Healthcare providers should be aware that care coordination may become difficult if certain aspects of a patient’s PHI are restricted. Additionally, interoperability may be impacted if databases follow different standards, making data sharing between them more  difficult.


Patient-Based Differential Access. This enables individuals to grant access to their personal data for the benefits of public research. Patients may opt-in and provide consent to use their personal data for a specific purpose, such as studying a rare disease or identifying genetic trends. Researchers are allowed to access this data based on the parameters of the patient’s original consent. Providers should be aware that this process requires them to share explicitly clear and detailed information about how their patients’ data is intended to be used. The patient’s initial consent may not cover future legitimate uses of data and can be revoked. 


Incidental Use and Disclosure: HIPAA permits certain incidental uses and disclosures that may occur as a by-product of another, permissible use of data. They are allowed as long as the covered entity has instituted a reasonable set of technical, administrative, and physical safeguards. However, poor definitions of incidental and secondary use can create confusion and hinder accountability for inappropriate uses of health data.

What are appropriate data use techniques to avoid discrimination?

The misuse of PHI can leave patients more at risk of discrimination and financial exploitation. Such harms can compound at the community level, as the analysis of large scale health datasets may benefit one group at the expense of others. Community redlining and individual financial discrimination are potential consequences of the misuse of health data. As new kinds of data analysis are developed, comprehensive guidelines and measures are needed to reduce the possibility of data misuse and resulting discrimination.
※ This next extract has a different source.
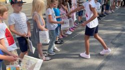 - Bei strahlendem Sonnenschein versammelten sich die ersten und zweiten Klassen der Hauptstelle der GHS am Freitag, 6.9.2024, in der 4. Stunde auf dem Schulhof. Die Zweitklässler/innen übergaben die liebevoll bemalten und von der Bücherheimat mit Büchern und anderen Kleinigkeiten gefüllten Lesetüten an ihre neuen Mitschüler/innen aus den ersten Klassen. Die Klassenlehrerinnen der zweiten Klassen (Frau Tomaschek und Frau Schneider) wünschten allen ganz viel Spaß beim Lesenlernen. Diesen werden die Erstklässler/innen mit diesem tollen Startpaket sicher haben.

HIPAA includes several key nondiscrimination measures to ensure that insurance companies cannot increase premiums or exclude members based on their health status. Health status includes a series of factors including medical conditions, claims experience, receipt of healthcare, disability, and evidence of insurability. This provision is complemented by the Genetic Information Nondiscrimination Act (GINA) which similarly aims to prohibit employer- or insurance- based discrimination based on an individual’s genetic information.
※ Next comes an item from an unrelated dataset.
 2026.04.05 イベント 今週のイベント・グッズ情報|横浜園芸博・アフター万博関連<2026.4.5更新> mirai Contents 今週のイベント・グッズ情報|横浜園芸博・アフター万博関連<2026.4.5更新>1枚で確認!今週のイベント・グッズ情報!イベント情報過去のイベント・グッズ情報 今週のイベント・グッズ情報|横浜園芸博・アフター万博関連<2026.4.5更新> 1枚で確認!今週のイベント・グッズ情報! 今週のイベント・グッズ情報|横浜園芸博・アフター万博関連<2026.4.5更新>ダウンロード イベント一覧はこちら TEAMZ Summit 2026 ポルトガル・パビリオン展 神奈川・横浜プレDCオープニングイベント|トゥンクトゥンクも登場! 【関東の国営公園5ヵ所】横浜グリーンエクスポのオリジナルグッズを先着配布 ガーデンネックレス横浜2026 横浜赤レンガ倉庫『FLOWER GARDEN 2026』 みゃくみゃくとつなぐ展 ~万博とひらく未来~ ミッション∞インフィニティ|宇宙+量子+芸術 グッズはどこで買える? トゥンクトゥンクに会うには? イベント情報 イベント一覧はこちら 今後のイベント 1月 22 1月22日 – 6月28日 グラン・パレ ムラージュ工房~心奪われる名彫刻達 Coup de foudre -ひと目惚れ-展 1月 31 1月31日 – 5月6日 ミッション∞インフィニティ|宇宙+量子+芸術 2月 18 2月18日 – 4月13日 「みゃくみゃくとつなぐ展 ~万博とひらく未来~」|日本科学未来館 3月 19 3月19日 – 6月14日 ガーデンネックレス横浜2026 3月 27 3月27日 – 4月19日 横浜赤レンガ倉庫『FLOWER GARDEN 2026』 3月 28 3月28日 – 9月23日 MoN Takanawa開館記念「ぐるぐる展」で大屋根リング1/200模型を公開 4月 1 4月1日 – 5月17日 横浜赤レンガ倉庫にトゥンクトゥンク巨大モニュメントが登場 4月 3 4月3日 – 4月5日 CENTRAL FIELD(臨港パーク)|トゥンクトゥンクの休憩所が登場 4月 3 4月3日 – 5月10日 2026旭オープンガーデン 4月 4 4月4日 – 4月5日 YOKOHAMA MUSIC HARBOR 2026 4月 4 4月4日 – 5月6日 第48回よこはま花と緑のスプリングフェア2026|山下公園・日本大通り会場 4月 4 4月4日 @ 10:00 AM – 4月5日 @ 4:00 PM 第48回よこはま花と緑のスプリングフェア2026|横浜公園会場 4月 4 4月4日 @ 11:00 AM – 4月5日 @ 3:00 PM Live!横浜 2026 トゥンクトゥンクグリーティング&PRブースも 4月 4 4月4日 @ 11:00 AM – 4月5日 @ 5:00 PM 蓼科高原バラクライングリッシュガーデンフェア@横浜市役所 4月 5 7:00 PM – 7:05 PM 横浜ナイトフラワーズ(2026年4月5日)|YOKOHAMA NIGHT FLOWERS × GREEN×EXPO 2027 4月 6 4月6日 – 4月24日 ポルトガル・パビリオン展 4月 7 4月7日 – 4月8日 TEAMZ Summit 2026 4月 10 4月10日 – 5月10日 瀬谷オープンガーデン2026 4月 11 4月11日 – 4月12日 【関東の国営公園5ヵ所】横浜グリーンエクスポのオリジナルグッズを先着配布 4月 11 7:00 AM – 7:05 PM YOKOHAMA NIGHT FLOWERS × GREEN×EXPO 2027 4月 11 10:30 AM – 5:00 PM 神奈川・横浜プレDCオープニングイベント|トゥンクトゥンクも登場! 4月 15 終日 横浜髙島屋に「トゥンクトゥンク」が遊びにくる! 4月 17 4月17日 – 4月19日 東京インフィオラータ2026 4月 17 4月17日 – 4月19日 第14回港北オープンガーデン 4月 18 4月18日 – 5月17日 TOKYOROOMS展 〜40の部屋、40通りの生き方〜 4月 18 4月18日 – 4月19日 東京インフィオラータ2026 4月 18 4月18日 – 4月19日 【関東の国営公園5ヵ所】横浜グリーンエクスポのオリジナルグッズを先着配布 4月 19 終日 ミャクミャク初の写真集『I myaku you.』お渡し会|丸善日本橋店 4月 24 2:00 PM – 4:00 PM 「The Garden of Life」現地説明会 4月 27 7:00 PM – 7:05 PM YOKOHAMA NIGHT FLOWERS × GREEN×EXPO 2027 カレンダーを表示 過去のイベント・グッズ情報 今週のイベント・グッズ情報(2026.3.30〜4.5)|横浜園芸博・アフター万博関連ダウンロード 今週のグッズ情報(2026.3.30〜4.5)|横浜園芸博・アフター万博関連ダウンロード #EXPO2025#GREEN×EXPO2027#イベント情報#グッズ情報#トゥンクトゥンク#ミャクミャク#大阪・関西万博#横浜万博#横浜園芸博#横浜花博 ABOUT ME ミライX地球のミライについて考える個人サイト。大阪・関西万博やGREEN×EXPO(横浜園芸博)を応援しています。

HIPAA also builds on the data minimization principle with its “Minimum Necessary” use clause, which discourages covered entities from gathering noncritical information about a person. Specifically, a covered entity “must make reasonable efforts to use, disclose, and request only the minimum amount of protected health information needed to accomplish the intended purpose of the use, disclosure, or request.”

The E-Government Act of 2002 mandates that any agency that collects PII must evaluate the security of its systems to ensure adequate data protection. Most federal agencies achieve this by conducting a privacy impact assessment (PIA) of their operational and developmental systems. HHS publishes all of the PIAs from its various operating divisions and also shares the PIAs from its third party websites.